В ожидании он глубоко вдохнул прохладный вечерний воздух. Уже настали морозы, но снег еще не выпал. Кроме рождественских огней в нескольких домах, что он миновал при въезде на Уайтвотер Хайте, он не заметил атмосферы близкого праздника. Внутри дома Квина и Элен не было новогодних украшений, на двери не повесили даже декоративного веночка из вечнозеленых веточек… Никакой елки? В фойе дома старого Пакстона на Грандвью Авеню будет установлена огромная ель. Наряжать ее было настоящей церемонией. Ежегодный ритуал все еще соблюдался, хотя Витни уже не присутствовал на нем.
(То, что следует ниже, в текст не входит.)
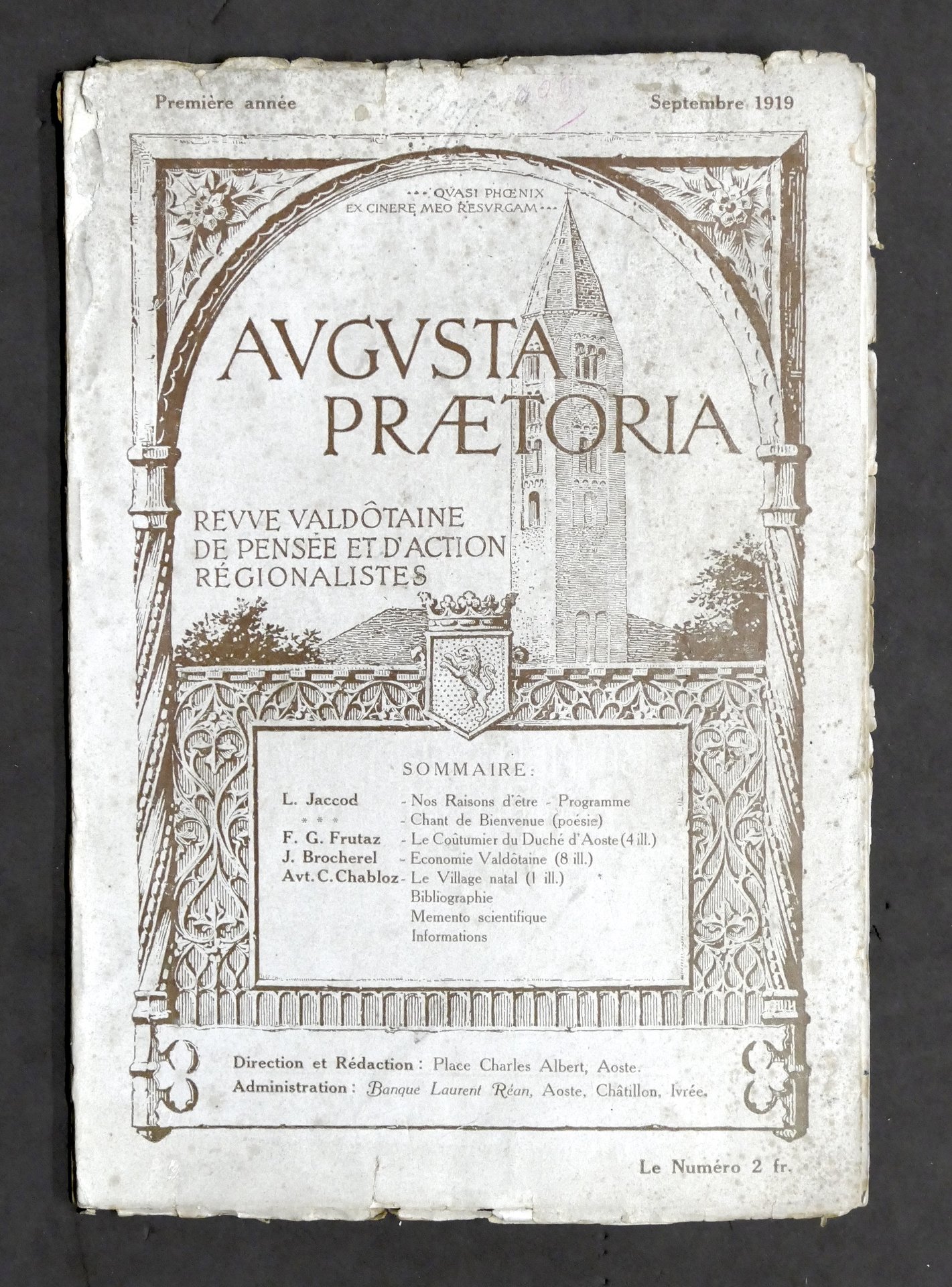 Storia Valle d'Aosta Rivista Augusta Praetoria -  Anno I N° 1 - Settembre 1919 Pag. 64 con alcune illustrazioni. Copertina morbida - Testo in francese. Buone condizioni interne. Qualche mancanza al dorso e alla copertina.

Одной из привилегий взрослых, думал он, было держаться на расстоянии от источников неудобств и боли. Ему же исполнилось тридцать четыре года.

Конечно, он проведет рождественский день с семьей. Или часть дня. Это неизбежно. Ведь пока он оставался жить в городе, где родился. Разумеется, он преподнесет подарки в дорогой обертке и получит свою долю подарков. Как всегда, он будет благодарен маме и вежлив с папой, понимая, что не оправдал их надежд, не сделавшись таким же сыном, как Квин. Но среди праздничной суеты, мелькания людей и веселого шума их недовольство смягчится. Витни прожил с этим так долго, что, возможно, теперь это было не столько само недовольство, сколько воспоминание о нем.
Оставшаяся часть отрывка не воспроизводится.